Why does the set of all singleton sets not exist?

Proposition: For a set $X$ and its power set $P(X)$, any function $f\colon P(X)\to X$ has at least two sets $A\neq B\subseteq X$ such that $f(A)=f(B)$.

I can see how this would be true if $X$ is a finite set, since $|P(X)|\gt |X|$, so by the pigeonhole principle, at least two of the elements in $P(X)$ would have to map to the same element.

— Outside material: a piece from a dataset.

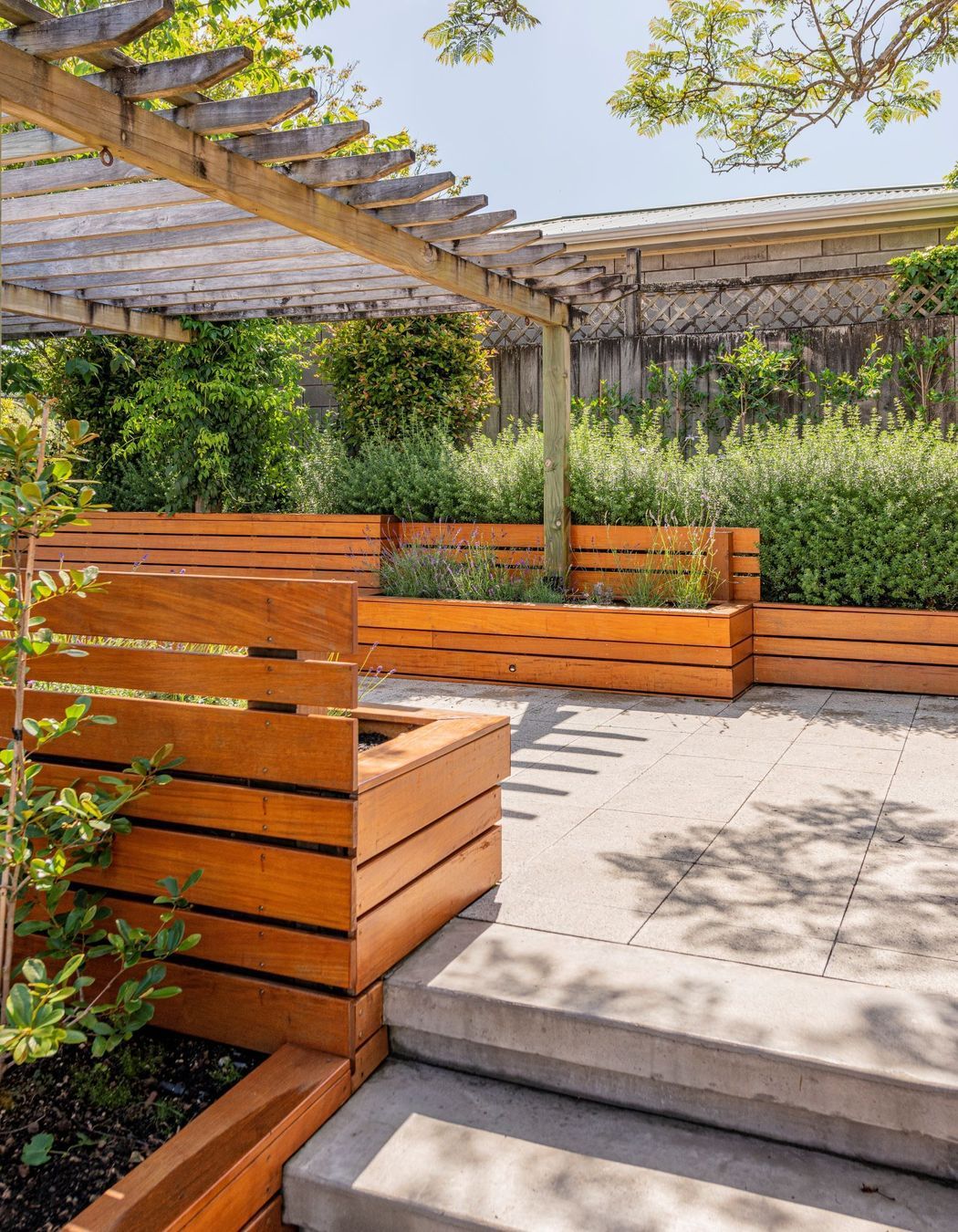 ArchiPro Project Summary - A complete renovation of outdoor recreational spaces featuring a contemporary design, including a raised deck around a Jacaranda tree, a new lower deck and pergola, and seamless integration with an upgraded terrace and levelled lawn.

Does this proposition still hold for $X$ an infinite set? And if so, how does this show that the set of all singleton sets cannot exist?

Solution 1:

If $x$ is a set containing all singletons, $\cup x$ is a set containing all sets, which leads to Russell's paradox. Thus, in $ZF$ there is no such $x$.

Solution 2:

If you had a function $f\colon P(X)\to X$ such that $f(A)=f(B)\Rightarrow A=B$, then $f$ would be one-to-one, which would imply $|P(X)|\leq |X|$; since $|X|\lt |P(X)|$ holds by Cantor's Theorem, that would give you $|P(X)|\lt|P(X)|$, which is impossible. This argument does not use finiteness of $X$, so it holds for $X$ infinite as well.

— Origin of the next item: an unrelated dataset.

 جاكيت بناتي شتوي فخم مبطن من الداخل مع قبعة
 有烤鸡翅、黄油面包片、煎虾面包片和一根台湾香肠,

Suppose that the collection of all singletons is a set $X$. Define a map $f\colon P(X)\to X$ by $f(A) = \{A\}$; this is well defined, since $\{A\}$ is a singleton. If $A\neq B$, then $\{A\}\neq\{B\}$, so $f$ would be one-to-one. Since, by the proposition, this is impossible, we conclude that our assumption that the collection of all singletons is a set must be false. Thus, there is no "set of all singletons."

Solution 3:

If you accept that the collection of all sets (denoted by $V$ usually) is not a set (but in fact a proper class) then if you look at the function $f(x) = \{ x \}$ it is 1-1 from $V$ into the sets of all singletons, thus resulting that $V$ would be a set, in contradiction to the fact that it is in fact a proper class.

But of course you'd have to accept that $V$ is a proper class as well, this is simpler and follows by the argument given in Arturo's answer (that the power-set of $V$ would be of the same cardinality).

Solution 4:

Your presupposition is incorrect; there are a number of set theories (some of them provably equiconsistent with ZF) in which the set of all singletons exists; see Limiting set theory using symmetry, or Forster’s Oxford Logic Guide on the subject. (Disclaimer: Forster discusses my work in the book, so I’m hardly unbiased, but it is the standard work.)

Solution 5:

The question in the title is a consequence of the axiom of regularity. In fact If there was such a set $X$, then $\{X\}\in X$. But obviously we always have $X\in\{X\}$. Hence, we would be able to construct an infinite downward chain of sets which contradicts the axiom of regularity.